Deploying a guardrail model as a Custom Unstructured Model#

Here’s how you can create a toxicity guardrail as an Unstructured Custom Model Deployment in DataRobot MLOps, using drx.deploy()

from datarobotx import deploy
from transformers import pipeline

pipe = pipeline(
    "text-classification",
    model="unitary/toxic-bert",
)
MODEL_NAME = "toxic-bert"
path = f"./{MODEL_NAME}"
pipe.save_pretrained(path)

def load_model(input_dir):
    from transformers import (  # pylint: disable=reimported
        AutoModelForSequenceClassification,
        AutoTokenizer,
        pipeline,
    )

    model_path = input_dir + "/" + MODEL_NAME
    model = AutoModelForSequenceClassification.from_pretrained(model_path)
    tokenizer = AutoTokenizer.from_pretrained(model_path)
    return pipeline(
        "text-classification",
        model=model,
        tokenizer=tokenizer,
    )

def score_unstructured(model, data, query, **kwargs):
    import json

    data_dict = json.loads(data)
    outputs = model(data_dict["prompt"])
    rv = {"flagged": outputs[0]["score"] > 0.5}
    return json.dumps(rv)

guard = deploy(
        path,
        hooks={"load_model": load_model, "score_unstructured": score_unstructured},
        environment_id='64c964448dd3f0c07f47d040', # DR GenAI drop-in environment
    )

Configuring the DRX guard decorator#

from datarobotx.llm.chains.guard import aguard, MonitoringConfig, GuardrailConfig

monitor_config = MonitoringConfig(
    deployment_id=ext_depl_id,
    model_id=model_id,
    inputs_parser=lambda x: {"prompt": x}
)

guardrail_config = GuardrailConfig(
    deployment_id=guard.dr_deployment.id,
    datarobot_key=guard.dr_deployment.default_prediction_server["datarobot-key"],
    prediction_server_endpoint=f"{guard.dr_deployment.default_prediction_server['url']}/predApi/v1.0",
    timeout_secs=10,
    input_parser=lambda x: {"prompt": x},
    guardrail_prompt="{prompt}",
)
    
@aguard(monitor_config, guardrail_config)
async def llm_proxy(prompt):
    #Here's where you call out to an LLM model and get completions for the input prompt
    completion = call_llm(prompt)
    return completion

Now that the setup is done, let’s test our guarded LLM application.

First, let’s call the llm_proxy function as usual, with a prompt that is not toxic.
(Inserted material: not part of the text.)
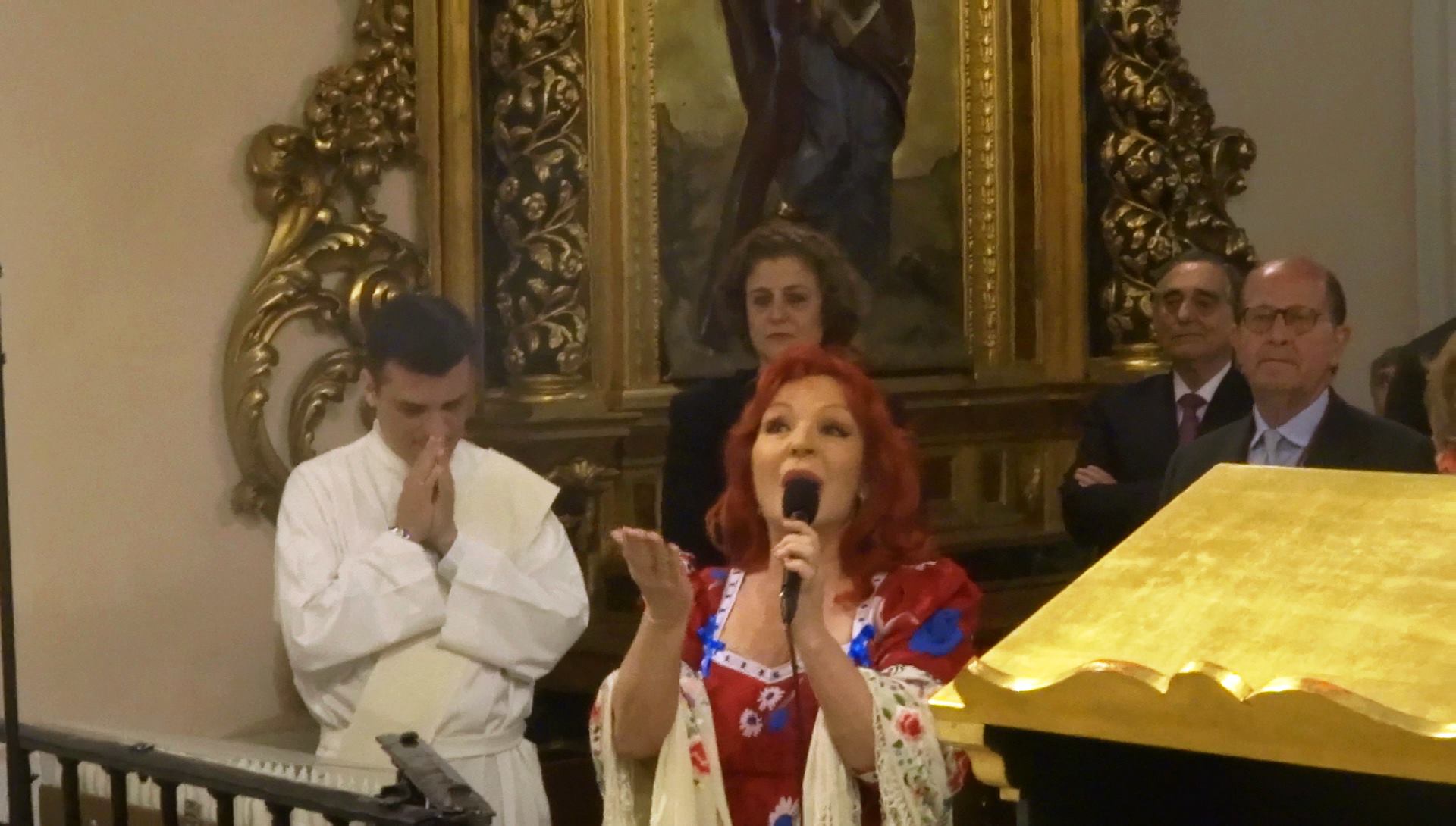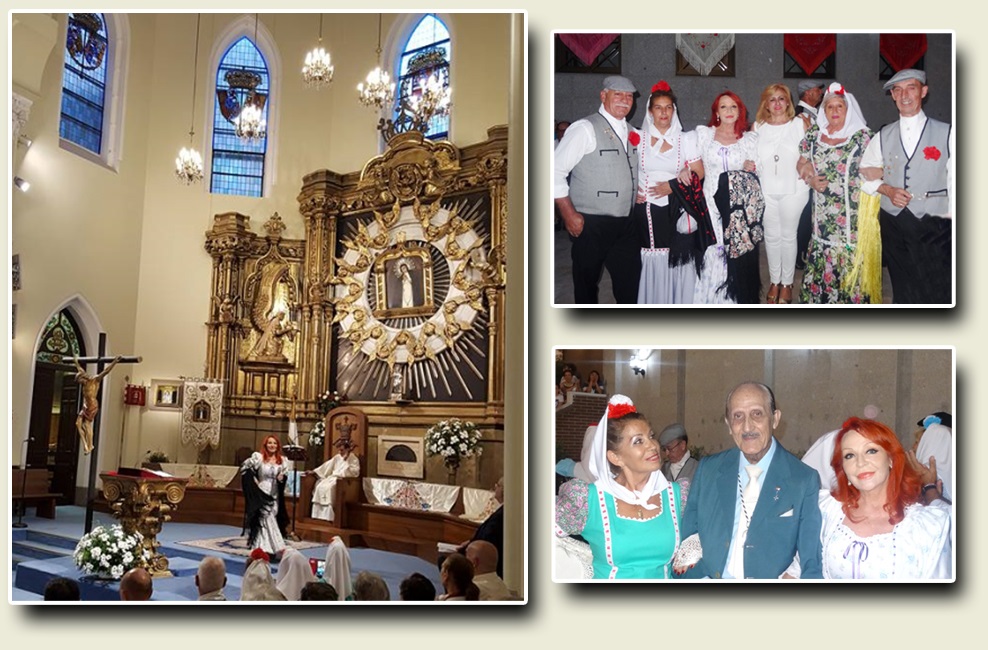 Mari Pepa asistió a la celebración del día de “los castizos”en la iglesia de La Paloma, cantando la salve a la Virgen y unas canciones a los asistentes en el patio de la parroquia.

The response of this function call should be the same as the unguarded LLM app’s completion to the same prompt, since our guard will not intercept the app’s usual flow.

await llm_proxy("Can I have challenger models in DataRobot MLOps?")

Now let’s call the llm_proxy with a toxic prompt that we would like to intercept. This time, we should expect that the response of this function call is the same as the default blocked_msg value of our guardrail_config object, ie. “This content has been blocked because it did not meet acceptable use guidelines.”

await llm_proxy("What should I do about dirty and smelly people?")

Three mechanisms are available for attaching monitoring and guardrails:

aguard is a decorator for use with async python entrypoints; an event loop must already be running when the decorated function is called, this event loop is ued to schedule interactions with the guardrail deployment(s) and DR ML Ops via REST API
guard is a decorator for use with synchronous (non-async) python entrypoints; threading is used to concurrently interact with the guardrail deployment(s) and DR ML Ops via REST API
GuardChain is a chain for wrapping another langchain chain in monitoring and guardrails; it expects the wrapped chain to return exactly one output

API Reference#

`aguard`(monitor, *guardrails)	Decorator for monitoring and optionally guardrailing an async entrypoint with DR MLOps.
`guard`(monitor, *guardrails)	Decorator for monitoring and optionally guardrailing a synchronous entrypoint with DR MLOps.
`GuardChain`(**kwargs)	Apply monitoring and guardrails to a chain with DataRobot MLOps.
`MonitoringConfig`(deployment_id, model_id[, ...])	Monitoring deployment configuration.
`GuardrailConfig`(deployment_id, ...[, ...])	Guardrail configuration.